Sempre all’insegna di una vita spericolata, nello stesso periodo  Little B, sempre lui, ha pensato bene di arrampicarsi al parco e scivolare su un’attrezzatura con una catena e spaccarsi il lobo dell’orecchio destro in due, pronto soccorso, punti e tutto a posto come prima. In ospedale lui era così contento del ghiacciolo e degli stickers regalati dai dottori che non vede l’ora di spaccarsi il lobo sinistro e tornarci.

Loro, i bambini, non l’anno presa bene. Cinquanta volte al giorno ripetiamo che è tutto a posto e sono solo controlli di routine, e nessuno li porterà via.

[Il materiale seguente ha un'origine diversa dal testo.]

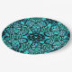 Chic Teal Turquoise Retro Oriental Mosaic Pattern Paper Plates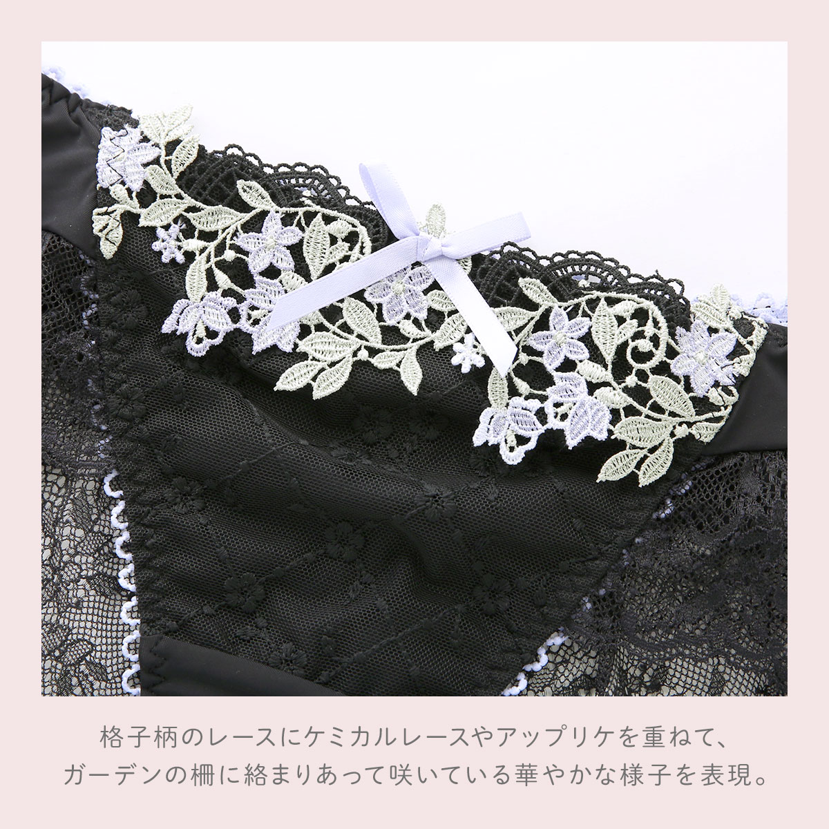 お花たちが咲きほこるガーデンをイメージしたレトロ感のあるデザインの、リサマリ「ジニー」コレクション。全体に小花を散りばめた格子柄のレースは、レースと同じカラーのあたたかみのあるウーリー糸で刺繍することで、ナチュラルな可愛らしさに。その上からクレマチスのお花をイメージしたケミカルレースと、ストラップにはアップリケを重ねて、お花たちがガーデンの柵に絡まり合って咲いている華やかな様子を表現しています。

Ma intanto K. ha ricominciato a bagnare il letto, Little B. ha smesso di dormire la notte, e Baby L.non ci ha capito molto però ogni tanto morde.

Poi Babbo Natale è arrivato, e ci ha portato un ukulele, troppi Lego e un appartamento nuovo e più grande, a Capodanno sono andata a letto alle dieci e venti, oggi mi hanno detto che l’investigation è conclusa e non c’è niente da temere e possiamo respirare di nuovo.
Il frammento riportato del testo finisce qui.